## Data to examine
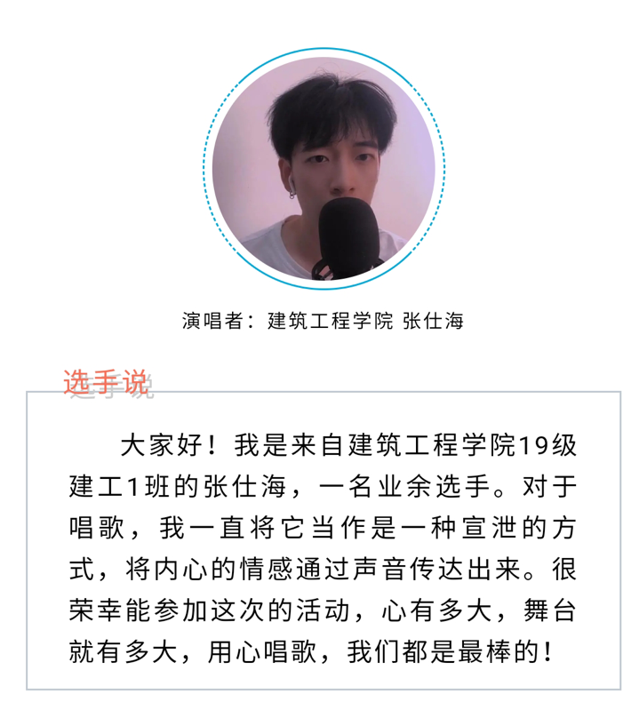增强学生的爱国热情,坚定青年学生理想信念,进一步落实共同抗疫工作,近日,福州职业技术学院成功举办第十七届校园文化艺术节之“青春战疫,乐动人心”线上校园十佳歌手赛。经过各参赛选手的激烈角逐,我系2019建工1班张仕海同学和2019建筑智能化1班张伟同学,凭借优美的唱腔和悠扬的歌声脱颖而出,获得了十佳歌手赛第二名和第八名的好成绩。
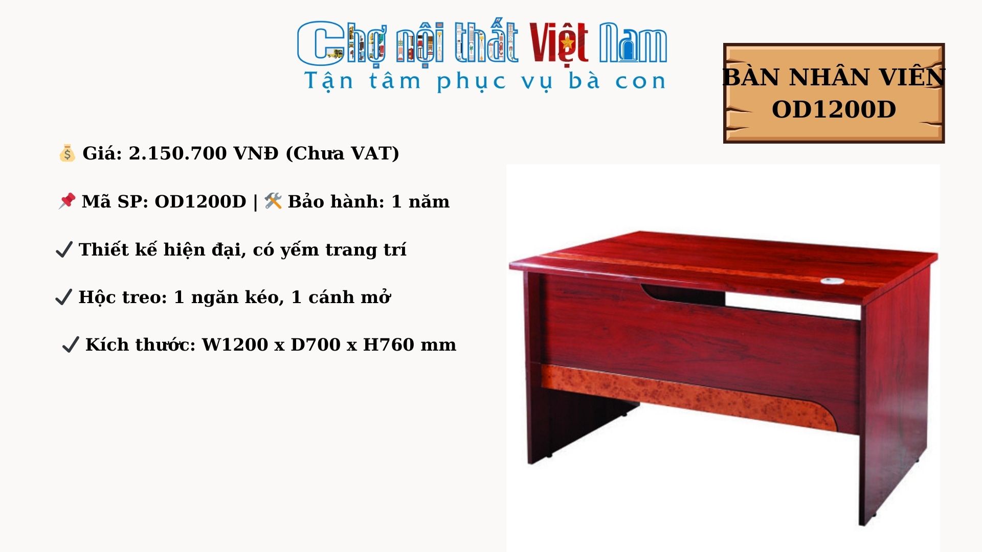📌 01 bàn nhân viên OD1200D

---

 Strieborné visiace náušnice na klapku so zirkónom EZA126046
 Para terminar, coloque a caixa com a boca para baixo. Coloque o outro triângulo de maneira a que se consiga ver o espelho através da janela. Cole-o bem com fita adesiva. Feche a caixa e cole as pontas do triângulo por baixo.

## Exercise
Please repeat the lines of the material above exactly, starting with the line that contains "增强学生的爱国热情,坚定青年" and ending with the line that contains "nhân viên OD1200D". Leave the pictures out.

## Your response
增强学生的爱国热情,坚定青年学生理想信念,进一步落实共同抗疫工作,近日,福州职业技术学院成功举办第十七届校园文化艺术节之“青春战疫,乐动人心”线上校园十佳歌手赛。经过各参赛选手的激烈角逐,我系2019建工1班张仕海同学和2019建筑智能化1班张伟同学,凭借优美的唱腔和悠扬的歌声脱颖而出,获得了十佳歌手赛第二名和第八名的好成绩。
📌 01 bàn nhân viên OD1200D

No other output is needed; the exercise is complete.